You are not logged in.
Pages: 1
Hi,
I want to reorganize my data, because right now I've got lots partitions - some of them too small, some of them too big. I want to try LVM. I wonder if it is a good idea to use everything, except the space for root and swap partitions, as one single logical device (/Home). I've got 4 disks in my computer, 250 GB each. So the big fat /Home partition would span across all of them.
Additionally, since I work with a dual boot environment: Has anybody tried Explore2fs (http://www.chrysocome.net/explore2fs)?
LVM users, please share your experiences :-) I'm looking forward to any comments
Offline
Hi !
I am using LVM2 since a few month.
I have 2 hard disks (60 Go and 80 Go) and 2 distros (Kubuntu on 1 disk and Arch on the other)
I have to say that I am VERY happy with LVM
I tested LVM with Kubuntu. I had / and /boot outside the LVM and /home, /var, /usr and /tmp inside the LVM.
I also have a /var/backup and /home/movies inside the LVM.
I leave swap outside the LVM (see http://bbs.archlinux.org/viewtopic.php? … 2#p249592)
When I switched to Arch I changed the configuration. I do not think having a /usr and /boot partition is very important for me.
So I changed every thing : renaming, resizing, moving across the disks .... almost every dangerous and scary operation you can do with a filesystem I did them Without any problem !
Now I have a / partition outside the LVM and /home, /var and /tmp inside the LVM. I also have a /var/backup and /var/movies in the LVM.
On the contrary of what you need, I made 2 different LVM groups so that I am sure that the data are on one single disk. I want to use the other disk as a rescue/backup disk if the first one crashes ...
I hightly recommand to leave / outside the LVM. Technically Arch is able to boot a partition in a LVM if you have LVM in your hook for Mkinitcipio. But when things go wrong you are happy to be able to boot with a floppy or a livecd which does not handle LVM at boot time ... More ever you will certainly never have to change your / . I have a 10 Go / which contain /, /etc, /boot, /opt and /usr. I use KDE, firefox and a lot of tools and 10 Go are more than OK for my needs.
I hope it helped !
Cheers,
Chicha
Offline
i am using LVM and it works. i can't say great here because i haven't try any resizing or moving logical partitions . if i try that i'll let you know. maybe when i get rid of windows partition and set it up as a qemu/kvm image
. i'm running lvm on only one disk and have / and /home partitions on it with reiserfs while i left swap and /boot outside. there have been no problems at all and i've been using lvm for half a year now.
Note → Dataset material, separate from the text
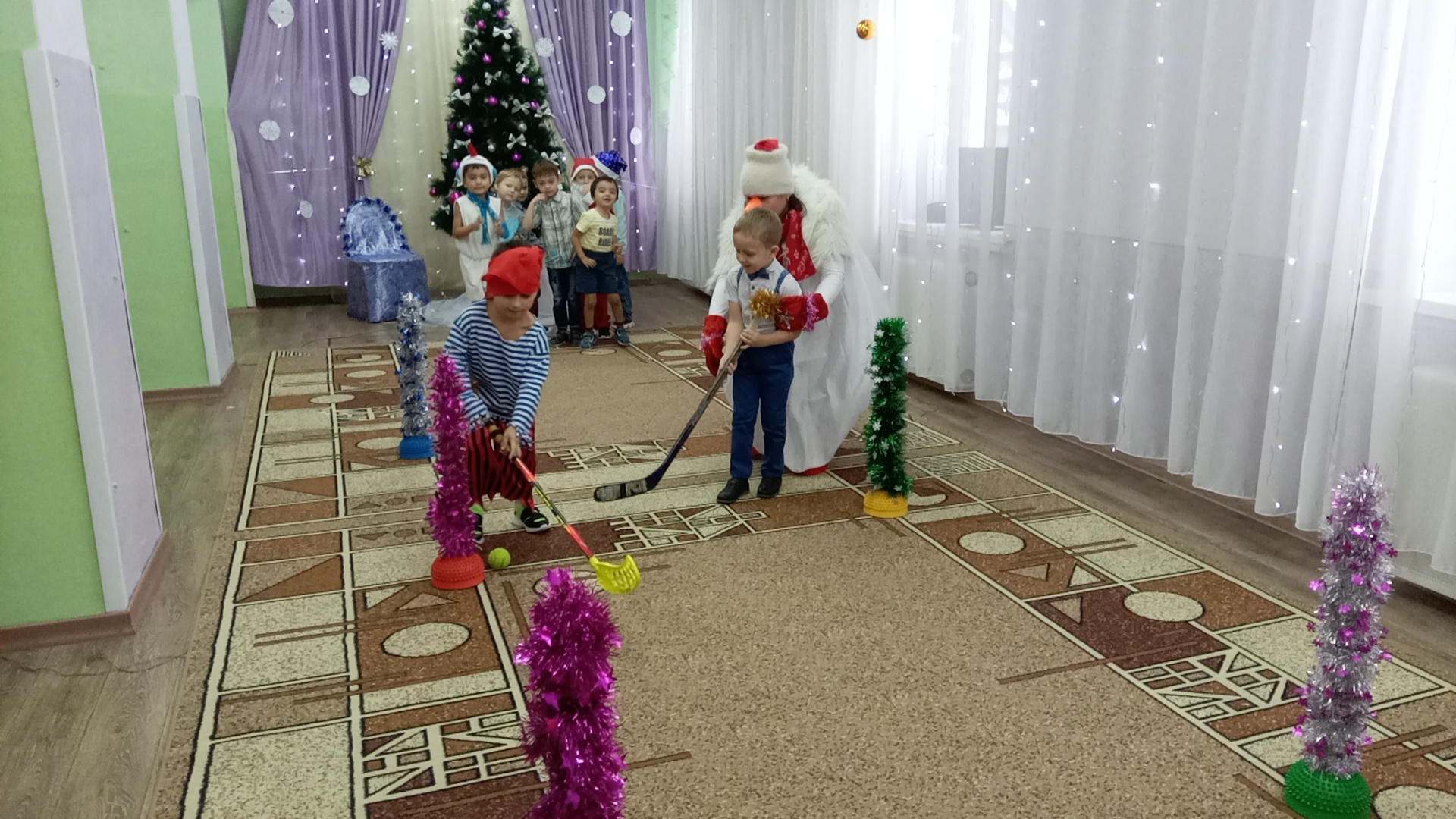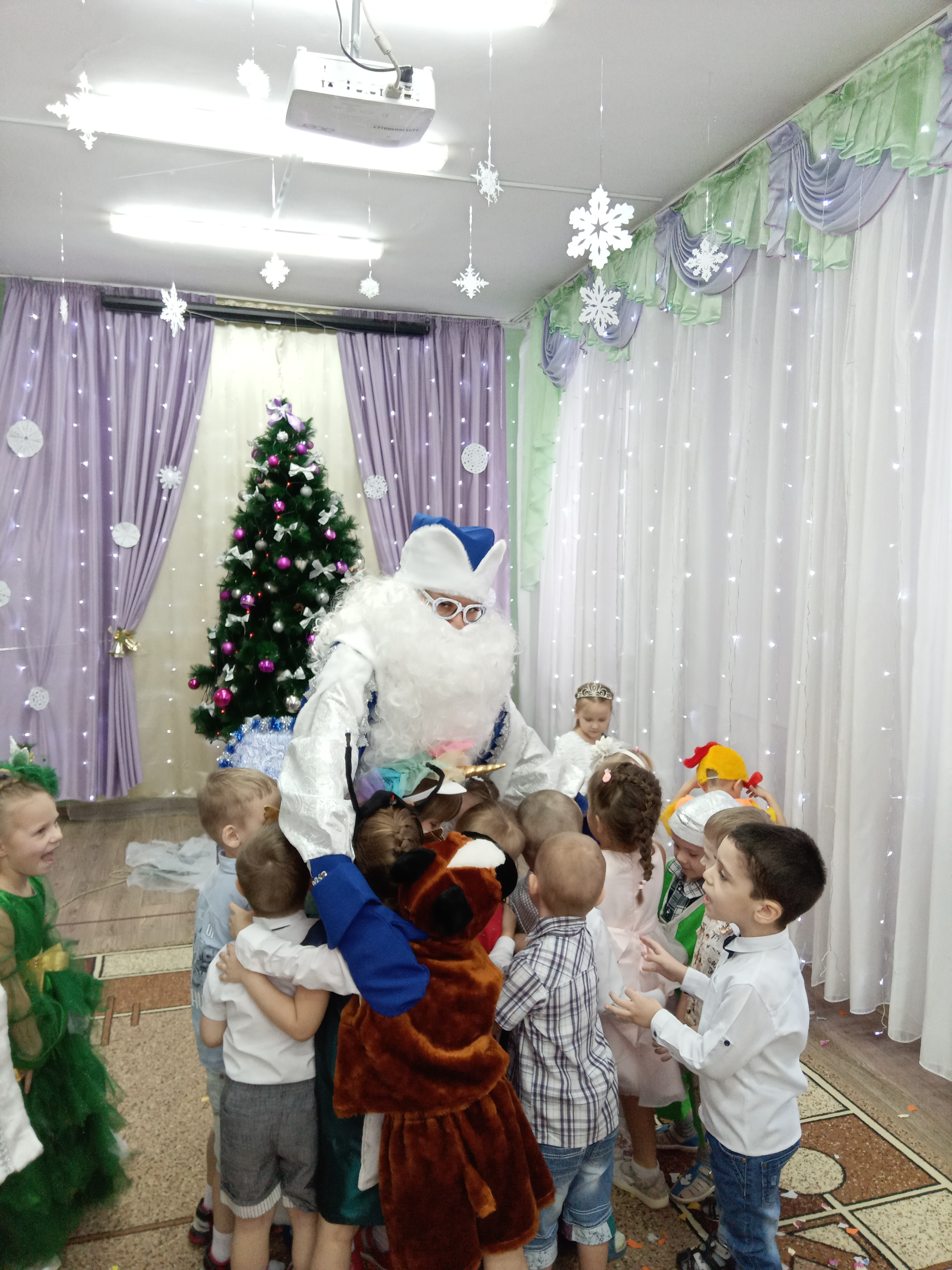 У ребят старшего дошкольного возраста на празднике был символ 2022 года Тигренок, у которого злая цыганка забрала подарок для елочки. И чтоб Тигренок не расстраивался ребята со Снеговиком развлекали его, играя в зимние эстафеты. Пока ребята играли полицейский поймал нарушительницу и вернул подарок Тигренку, а цыганка пообещала больше не красть и быть хорошей и доброй. И конечно же, в гостях у ребят были и Дед Мороз, и Снегурочка. Все вместе дружно играли, танцевали. Дети порадовали Деда Мороза стишками, а Дед Мороз вместе со Снегурочкой наколдовали ребятам подарки.

i also tried knoppix which mounts my lvm partitions fine if something bad happens.
if you set up lvm, don't forget to edit rc.conf line USELVM="no" to "yes". and if you set it up on root add hook "lvm2" to mkinitcpio.conf (and to *-fallback.conf files) and add this files to NoUpgrade in pacman.conf.
Offline
I use LVM on my file server / mythtv box and love how easy it makes resizing partitions or adding new disks. However, I am always a little wary to have volume groups which contain physical volumes from multiple disks. Maybe I shouldn't worry, but to me that seems like a RAID 0 setup -- one disk dies and all the data is gone (and the chance of this increases with each disk you add).
Can anyone confirm this is the way LVM works when a VG spans multiple disks?
Offline
Thanks for your response..
It seems that using LVM is a good idea. My only concern is with creating a LV which spans accross multiple disks, like dmartings said. Does anybody know if I lose all my data if one disk fails? Can anyone point me to a tech doc, where I can find a description how data is put on the disks with LVM?
Thanks again..
btw: why are my postings always shown twice?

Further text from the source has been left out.